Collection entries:
+ + +
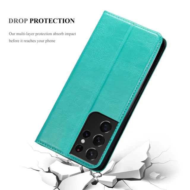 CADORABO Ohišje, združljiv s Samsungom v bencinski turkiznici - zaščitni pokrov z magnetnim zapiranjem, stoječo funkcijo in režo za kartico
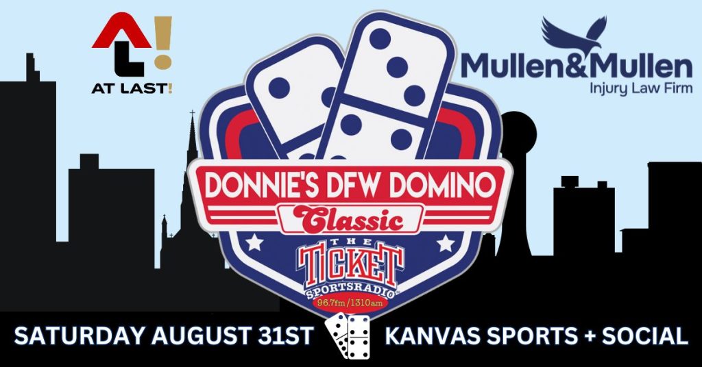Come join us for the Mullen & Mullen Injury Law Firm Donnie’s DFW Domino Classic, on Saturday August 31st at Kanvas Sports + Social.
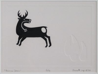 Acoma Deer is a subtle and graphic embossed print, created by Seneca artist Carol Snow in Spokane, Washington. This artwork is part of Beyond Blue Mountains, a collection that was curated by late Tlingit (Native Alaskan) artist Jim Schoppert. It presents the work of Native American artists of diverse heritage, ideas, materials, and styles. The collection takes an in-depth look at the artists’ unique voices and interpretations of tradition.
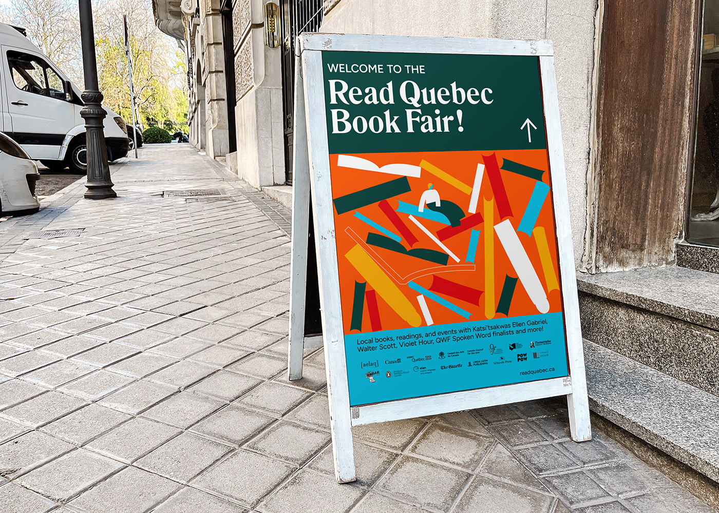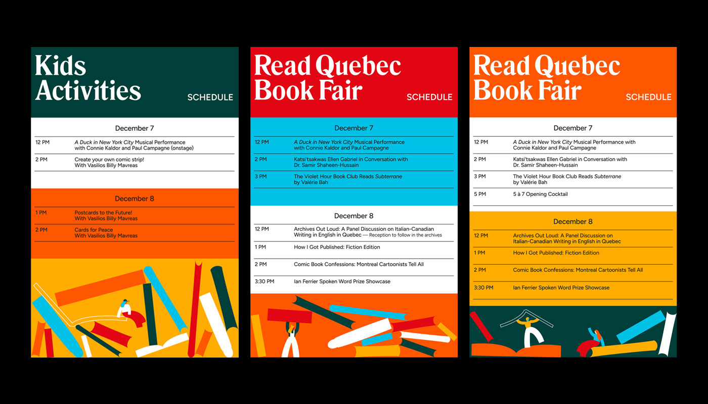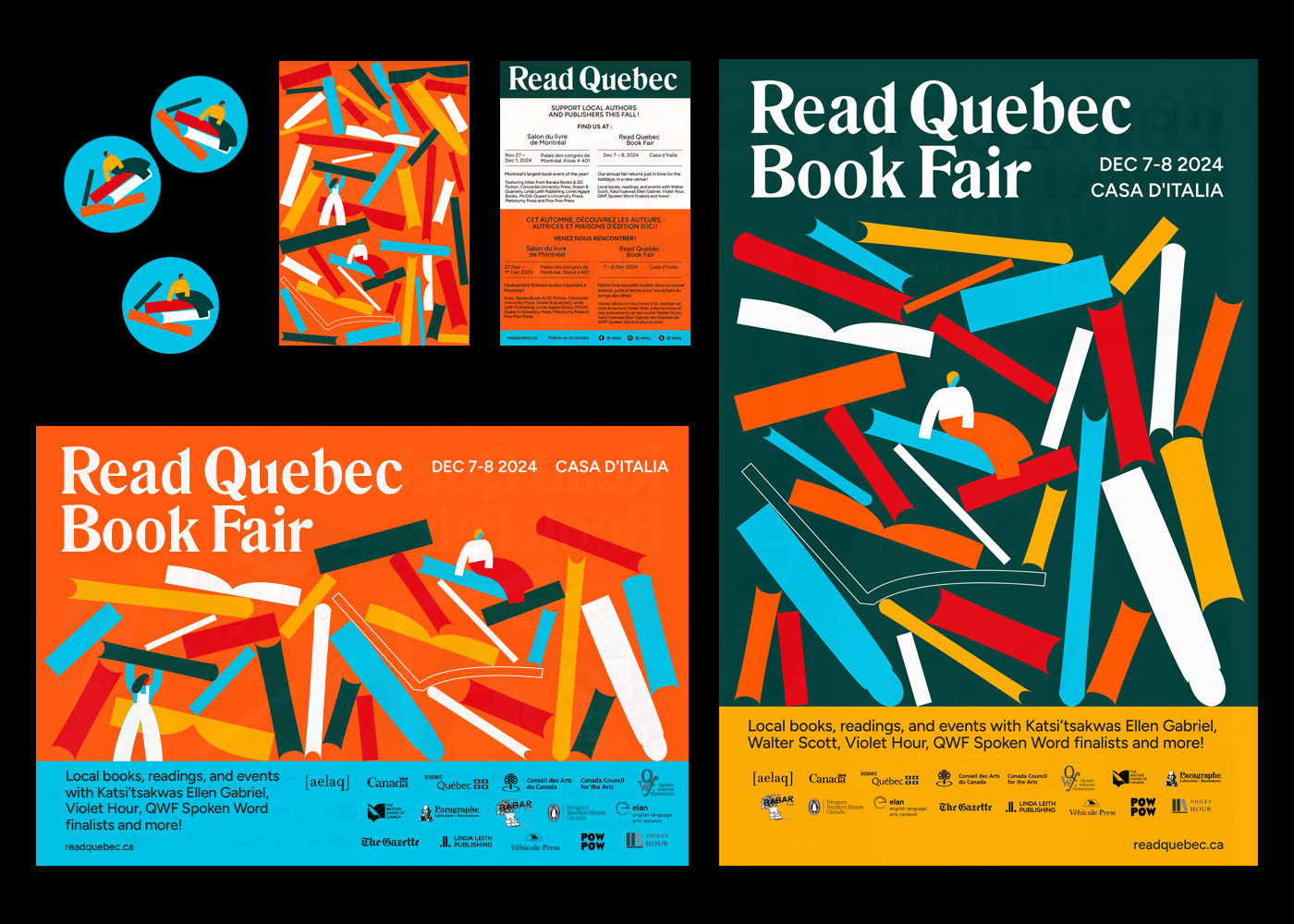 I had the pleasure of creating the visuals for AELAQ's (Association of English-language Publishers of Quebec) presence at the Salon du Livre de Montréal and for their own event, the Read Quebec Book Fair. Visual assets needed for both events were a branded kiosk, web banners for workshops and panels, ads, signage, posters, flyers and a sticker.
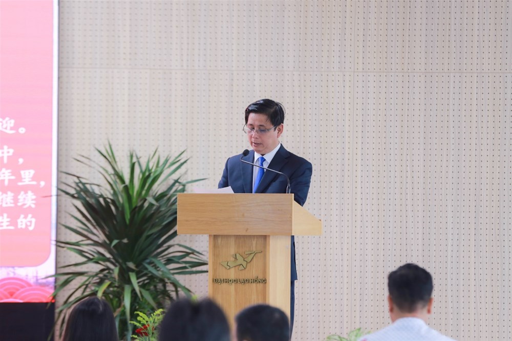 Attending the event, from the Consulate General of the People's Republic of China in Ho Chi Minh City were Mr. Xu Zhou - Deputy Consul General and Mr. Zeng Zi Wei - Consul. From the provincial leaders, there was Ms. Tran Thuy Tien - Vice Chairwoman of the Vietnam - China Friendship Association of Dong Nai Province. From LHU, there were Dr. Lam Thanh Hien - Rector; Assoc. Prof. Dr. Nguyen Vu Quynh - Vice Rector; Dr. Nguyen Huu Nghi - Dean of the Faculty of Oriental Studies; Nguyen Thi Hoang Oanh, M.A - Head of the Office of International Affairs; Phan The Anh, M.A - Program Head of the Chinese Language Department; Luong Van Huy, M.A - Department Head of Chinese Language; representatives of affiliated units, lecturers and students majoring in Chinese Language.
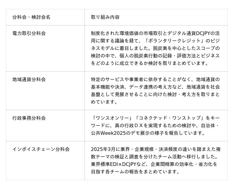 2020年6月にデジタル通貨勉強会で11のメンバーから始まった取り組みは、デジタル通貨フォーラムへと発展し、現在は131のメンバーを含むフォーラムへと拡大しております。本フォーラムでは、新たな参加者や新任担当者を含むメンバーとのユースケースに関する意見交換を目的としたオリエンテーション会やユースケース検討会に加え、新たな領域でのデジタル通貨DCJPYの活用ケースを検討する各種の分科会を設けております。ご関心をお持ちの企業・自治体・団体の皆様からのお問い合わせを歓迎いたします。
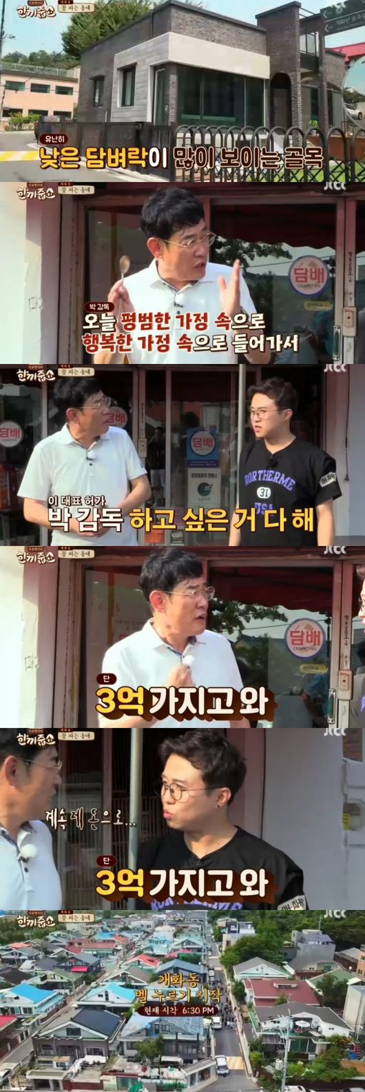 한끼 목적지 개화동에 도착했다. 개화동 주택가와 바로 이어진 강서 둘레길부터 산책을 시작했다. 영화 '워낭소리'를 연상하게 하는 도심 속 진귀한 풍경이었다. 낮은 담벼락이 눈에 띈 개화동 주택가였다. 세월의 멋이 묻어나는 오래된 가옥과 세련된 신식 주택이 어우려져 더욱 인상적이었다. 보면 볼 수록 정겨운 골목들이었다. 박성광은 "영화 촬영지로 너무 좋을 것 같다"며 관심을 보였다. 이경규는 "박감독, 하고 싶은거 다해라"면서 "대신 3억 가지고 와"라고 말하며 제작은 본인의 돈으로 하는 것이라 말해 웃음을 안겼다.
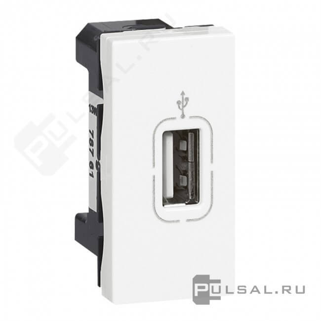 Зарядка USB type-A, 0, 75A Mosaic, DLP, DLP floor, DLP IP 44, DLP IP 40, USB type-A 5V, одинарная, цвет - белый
+ + +
What is needed:
Drop the pictures and set down the data above exactly.

Response to this task:
 CADORABO Ohišje, združljiv s Samsungom v bencinski turkiznici - zaščitni pokrov z magnetnim zapiranjem, stoječo funkcijo in režo za kartico
Come join us for the Mullen & Mullen Injury Law Firm Donnie’s DFW Domino Classic, on Saturday August 31st at Kanvas Sports + Social.
 Acoma Deer is a subtle and graphic embossed print, created by Seneca artist Carol Snow in Spokane, Washington. This artwork is part of Beyond Blue Mountains, a collection that was curated by late Tlingit (Native Alaskan) artist Jim Schoppert. It presents the work of Native American artists of diverse heritage, ideas, materials, and styles. The collection takes an in-depth look at the artists’ unique voices and interpretations of tradition.
 I had the pleasure of creating the visuals for AELAQ's (Association of English-language Publishers of Quebec) presence at the Salon du Livre de Montréal and for their own event, the Read Quebec Book Fair. Visual assets needed for both events were a branded kiosk, web banners for workshops and panels, ads, signage, posters, flyers and a sticker.
 Attending the event, from the Consulate General of the People's Republic of China in Ho Chi Minh City were Mr. Xu Zhou - Deputy Consul General and Mr. Zeng Zi Wei - Consul. From the provincial leaders, there was Ms. Tran Thuy Tien - Vice Chairwoman of the Vietnam - China Friendship Association of Dong Nai Province. From LHU, there were Dr. Lam Thanh Hien - Rector; Assoc. Prof. Dr. Nguyen Vu Quynh - Vice Rector; Dr. Nguyen Huu Nghi - Dean of the Faculty of Oriental Studies; Nguyen Thi Hoang Oanh, M.A - Head of the Office of International Affairs; Phan The Anh, M.A - Program Head of the Chinese Language Department; Luong Van Huy, M.A - Department Head of Chinese Language; representatives of affiliated units, lecturers and students majoring in Chinese Language.
 2020年6月にデジタル通貨勉強会で11のメンバーから始まった取り組みは、デジタル通貨フォーラムへと発展し、現在は131のメンバーを含むフォーラムへと拡大しております。本フォーラムでは、新たな参加者や新任担当者を含むメンバーとのユースケースに関する意見交換を目的としたオリエンテーション会やユースケース検討会に加え、新たな領域でのデジタル通貨DCJPYの活用ケースを検討する各種の分科会を設けております。ご関心をお持ちの企業・自治体・団体の皆様からのお問い合わせを歓迎いたします。
 한끼 목적지 개화동에 도착했다. 개화동 주택가와 바로 이어진 강서 둘레길부터 산책을 시작했다. 영화 '워낭소리'를 연상하게 하는 도심 속 진귀한 풍경이었다. 낮은 담벼락이 눈에 띈 개화동 주택가였다. 세월의 멋이 묻어나는 오래된 가옥과 세련된 신식 주택이 어우려져 더욱 인상적이었다. 보면 볼 수록 정겨운 골목들이었다. 박성광은 "영화 촬영지로 너무 좋을 것 같다"며 관심을 보였다. 이경규는 "박감독, 하고 싶은거 다해라"면서 "대신 3억 가지고 와"라고 말하며 제작은 본인의 돈으로 하는 것이라 말해 웃음을 안겼다.
 Зарядка USB type-A, 0, 75A Mosaic, DLP, DLP floor, DLP IP 44, DLP IP 40, USB type-A 5V, одинарная, цвет - белый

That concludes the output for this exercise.